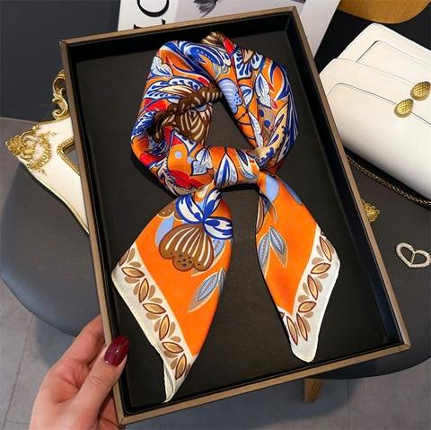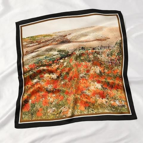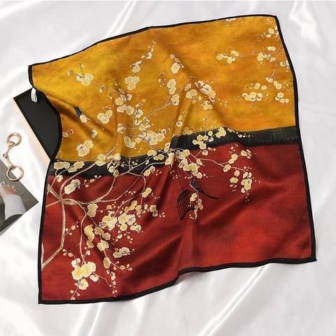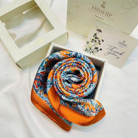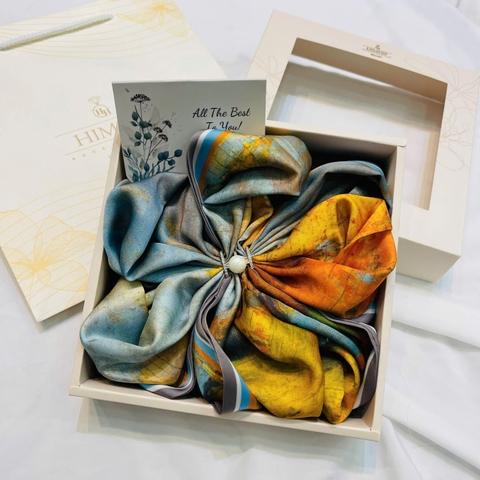 Mỗi chiếc khăn là một bức tranh thu nhỏ – nơi sắc vàng của lá phong, sắc cam rực rỡ của hoàng hôn hay ánh nâu trầm mặc của đất trời được thể hiện qua từng sợi lụa mềm mại. Tông màu được lựa chọn kỹ lưỡng, dễ dàng phối hợp cùng trang phục thu – từ chiếc áo len mỏng đến blazer cổ điển.
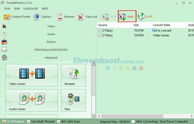 Sau đó, nhấn nút Start để bắt đầu quá trình ghép nối video với nhau. Vậy là bạn đã hoàn tất việc nối 2 video với nhau thành một file duy nhất nhờ ứng dụng Format Factory tuyệt vời này.
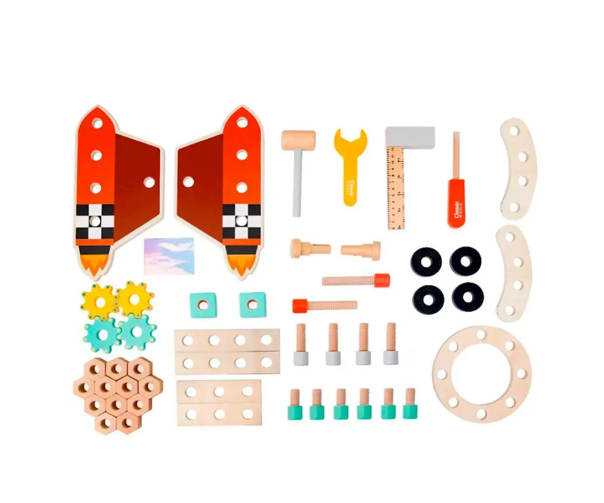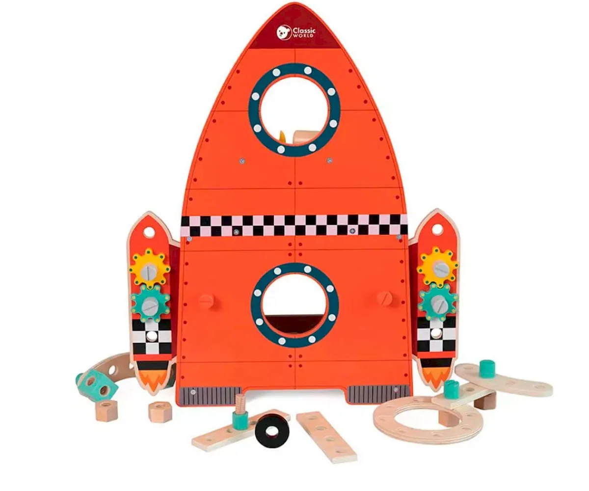 Este original banco de trabajo con forma de cohete permitirá que los peques realicen mientras que juegan, todas sus creaciones.El tablero de la mesa incluye agujeros para facilitar a los peques el manejo de las herramientas.
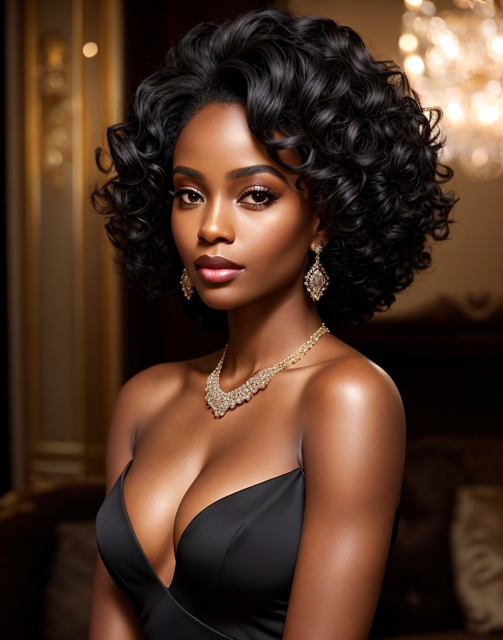 Elegant woman with curly hair, glamorous makeup, and a black dress, adorned with a sparkling necklace, in a luxurious setting.

— INSTRUCTIONS FOR THE TASK —
Take the line with "Este original banco" and each line after it through the end of the material above, and reproduce them exactly, both ends included, without pictures.

— EXERCISE OUTPUT —
 Este original banco de trabajo con forma de cohete permitirá que los peques realicen mientras que juegan, todas sus creaciones.El tablero de la mesa incluye agujeros para facilitar a los peques el manejo de las herramientas.
 Elegant woman with curly hair, glamorous makeup, and a black dress, adorned with a sparkling necklace, in a luxurious setting.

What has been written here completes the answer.